You play games, sometimes you win sometimes you lose.


----------



## Bob Haller

One thing for sure the free upgrade is locking in lots of subs. E likes that. What happens if they have a major price increase?

Lots of folks will be stuck.

With the NEW E I wouldnt be surprised at all...........


----------



## PolarBearWY

Chris Freeland said:


> What do you mean E* does not have deals for current subs? What is the current 510 deal for $99 for a one year commitment or Free for a two tear commitment or past deals for a 501/508 upgrades for $149 - $199, if they are not for current subs? I guess you feel like E* owes you new hardware for free every time E* has a new customer promotion? :shrug: If E* did this evrey time they comeout with the latest greatest STB, E* would go out of business quickly. :shrug:


When I started selling my old equipment, they had no such offers. In fact, over the years, the ONLY promo I remember them having was a Dish 501 for $199 (which is how I got mine). Actually, I worked for DNSC at the time. I sold the receiver to myself and made 10% commission off it, and was paid to install it.

$200 for a 501 isn't a "great" offer.

What I'm really talking about is the HDTV stuff. They offer it for free to new customers with no loyalties beyond 12 months, yet they will not offer it to me for half price, even if I were to sign a 3-yr commitment.

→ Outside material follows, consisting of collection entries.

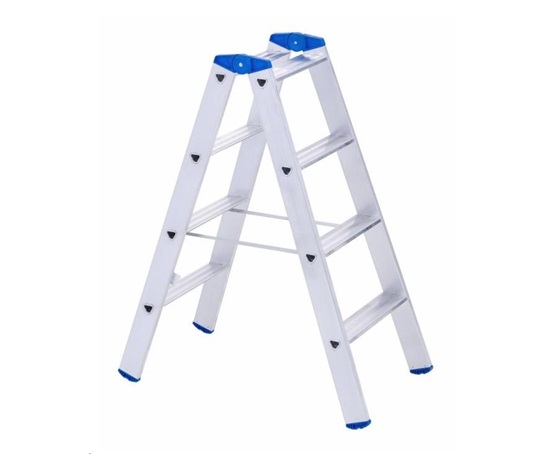Hliníkové štafle neboli konický žebřík 2×4 (4+4) PROFI se širokou základnou pro optimální stání je vyrobený z lisovaných profilů pro nejvyšší stabilitu.
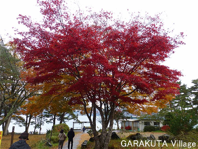 なお、バスが田沢湖共栄パレスの駐車場へ着く手前で、蕩けるような真っ赤な紅葉が見えたのですが座席の反対側。出発する時に写真を撮ったのですが、バスの動きが速く、ブレてしまいました。
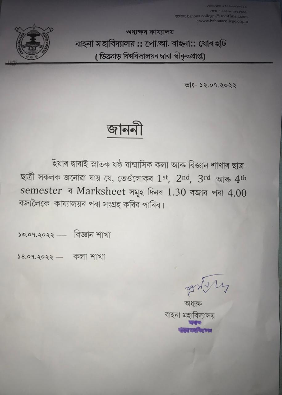 Read More →Established in 1966, Bahona College is a co-educational institution affiliated to Dibrugarh University, located 9 km north-east of Jorhat town on the bank of the Brahmaputra. The college offers Higher Secondary and Undergraduate programmes in Arts and Science, along with Distance Education courses under Dibrugarh University, KKHSOU, and ASOS. With 12 departments, 55 faculty members, and around 1200 students, the college is committed to providing quality and inclusive higher education to rural and economically backward communities of Assam.
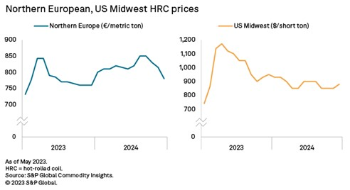 The positive sentiment that helped northern European hot-rolled coil (HRC) prices rise 25% over the first quarter of this year has evaporated. The northern European HRC price lost €50 per metric ton over the first half of May, averaging €802 per metric ton (t) ex-Ruhr, compared with an average of €843/t in April. The price decline is compounded by buyers holding off purchases and mills not offering in an uncertain market environment.
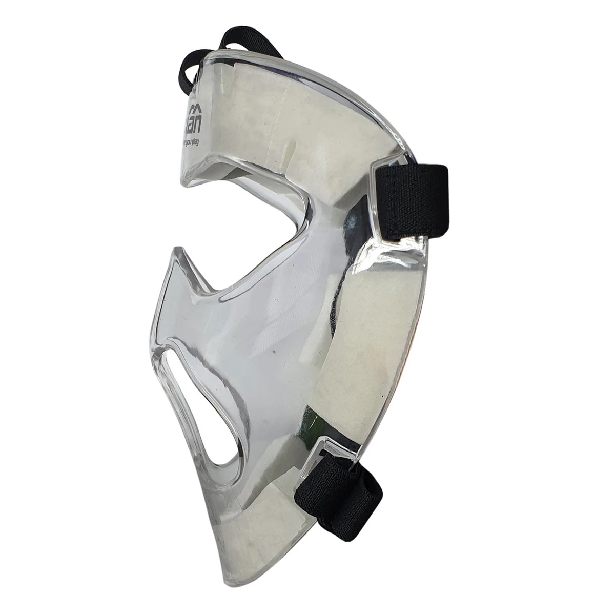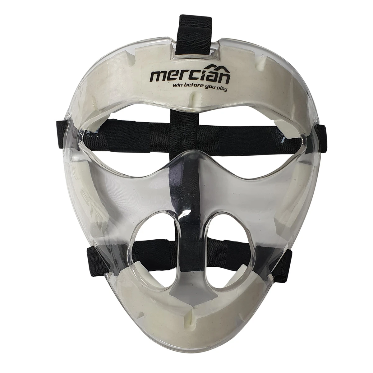 The New Genesis Face mask features a tough transparent plastic mask with a high-density foam backing and adjustable elastic straps.
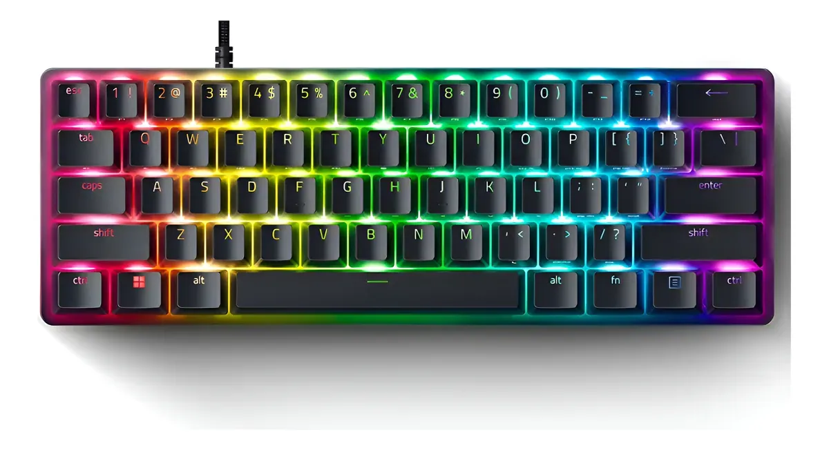 Teclado gaming ultracompacto (60%) Razer Huntsman Mini en español con switches ópticos Razer Purple (clicky). Cable USB-C extraíble e iluminación Razer Chroma RGB.
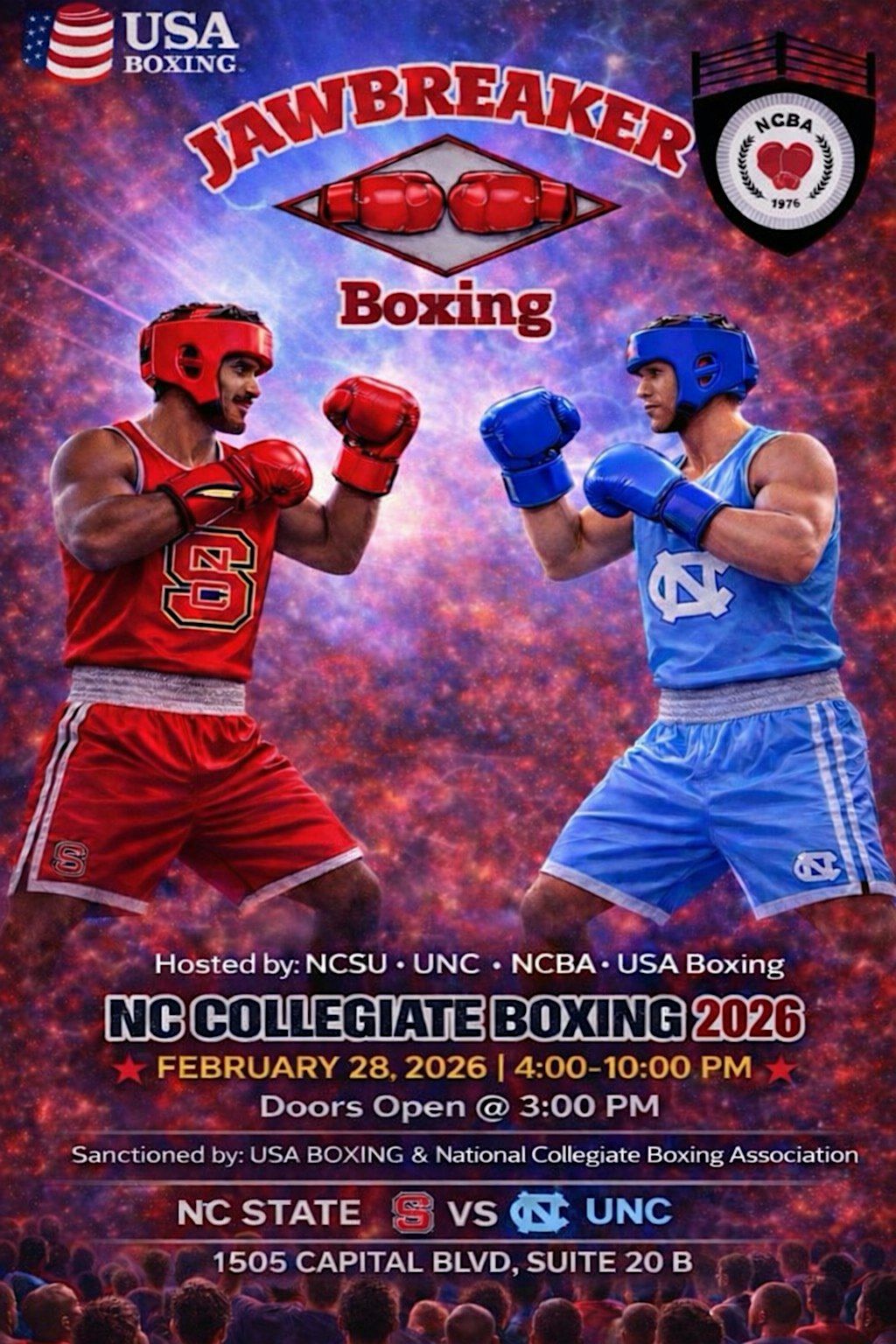 #NCColligateBoxing #FightNightNC #JawbreakerBoxing #CollegeBoxing #USABoxing #NCStateVsUNC #LiveBoxing #BoxingEvent #AmateurBoxing #SupportLocalFighters #TriangleEvents #RaleighEvents #BoxingCommunity #FutureChampions

Over the last 7 years, my avg bill is probably around $65. When I signed up originally, they didn't offer free equipment. I have purchased all of my receivers except the latest two 301s. They bring in $800+ a year from me, and the only cost to them for keeping me as a customer is a stamp once a month.

So, they get $800+ a month from me, and can't offer me an 8xx HDTV receiver for $200? There's something wrong with that.

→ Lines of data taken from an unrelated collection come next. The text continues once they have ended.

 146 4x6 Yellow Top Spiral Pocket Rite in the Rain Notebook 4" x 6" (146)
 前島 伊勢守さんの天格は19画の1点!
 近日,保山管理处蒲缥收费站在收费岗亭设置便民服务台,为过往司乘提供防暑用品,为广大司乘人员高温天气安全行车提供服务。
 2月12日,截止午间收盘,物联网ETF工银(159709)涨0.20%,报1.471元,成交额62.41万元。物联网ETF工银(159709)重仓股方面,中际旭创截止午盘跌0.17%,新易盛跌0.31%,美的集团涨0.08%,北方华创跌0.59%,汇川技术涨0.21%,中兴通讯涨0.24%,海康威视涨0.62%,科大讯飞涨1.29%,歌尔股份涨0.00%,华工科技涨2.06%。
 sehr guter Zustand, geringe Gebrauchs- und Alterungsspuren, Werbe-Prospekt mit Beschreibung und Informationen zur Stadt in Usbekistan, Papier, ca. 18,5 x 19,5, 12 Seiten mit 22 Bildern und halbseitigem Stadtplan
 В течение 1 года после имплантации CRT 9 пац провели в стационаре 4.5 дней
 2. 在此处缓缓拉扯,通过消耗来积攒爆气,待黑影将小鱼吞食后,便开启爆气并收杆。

Like I said, in June I will no longer be a Dish customer unless something changes. I'm a Chiefs fan in Denver territory, so I'd be better off with DirecTV for 22 weeks a year anyway.


----------



## dbarrycoyle

8+ year customer. Bill avgs $67/month, including full warranty. 501, 508, and 301. Priced an equiv cable bill with Tivo: $90/month. TV is a big part of my family, (2- 4 hrs/day) so it's worth the $. With the quality and free PVR, you can't beat it. Sure, I've had problems, but Dish ALWAYS fixed it promptly. My PVR's are workhorses with 2 kids' toons, wife's chick flicks, and my geek and war shows. I played with my neighbor's DirectTV; poor and slow menus, and Tivo fees. If we watched and hour a day, sure I'd do the basic cable. But if I'm going to enjoy the multimedia lifestyle; HDTV, surround, home theater, etc..., I'm not going to worry about shaving a $ here or there. I'll pay for quality, reliability, and low maintenance.


----------



## kstevens

PolarBearWY said:


> When I started selling my old equipment, they had no such offers. In fact, over the years, the ONLY promo I remember them having was a Dish 501 for $199 (which is how I got mine). Actually, I worked for DNSC at the time. I sold the receiver to myself and made 10% commission off it, and was paid to install it.
> 
> $200 for a 501 isn't a "great" offer.
> 
> What I'm really talking about is the HDTV stuff. They offer it for free to new customers with no loyalties beyond 12 months, yet they will not offer it to me for half price, even if I were to sign a 3-yr commitment.
> 
> Over the last 7 years, my avg bill is probably around $65. When I signed up originally, they didn't offer free equipment. I have purchased all of my receivers except the latest two 301s. They bring in $800+ a year from me, and the only cost to them for keeping me as a customer is a stamp once a month.
> 
> So, they get $800+ a month from me, and can't offer me an 8xx HDTV receiver for $200? There's something wrong with that.
> 
> Like I said, in June I will no longer be a Dish customer unless something changes. I'm a Chiefs fan in Denver territory, so I'd be better off with DirecTV for 22 weeks a year anyway.


See ya......

Ken


----------



## JohnMI

Actually, that was an old post. And, a few weeks later, Dish actually offered exactly what he wanted: The 811 for $199. In fact, based on what he said, he probably could have gotten it for the $149. Not sure if he stuck it out long enough to get it -- but it would be interesting to hear since he was so upset about Dish not offering the 811 for under $200 to existings -- and then, just a little bit later, they did! heh.

- John...


----------



## Karl Foster

kstevens said:


> See ya......
> 
> Ken


It seems a lot of people have the simple solution to tell others to leave. Let's see - if people leave in droves because of a certain issue, that affects every subscriber in potential higher fees, lower profits of the corporation, and eventual discontinuance of the service. Simply telling people to leave the service doesn't help anyone.


----------



## Capmeister

tivosmart said:


> To be honest, now that I'm getting used to "thumbs up/down" rating I don't have much time more to watch stuff other than what Tivo selects for me.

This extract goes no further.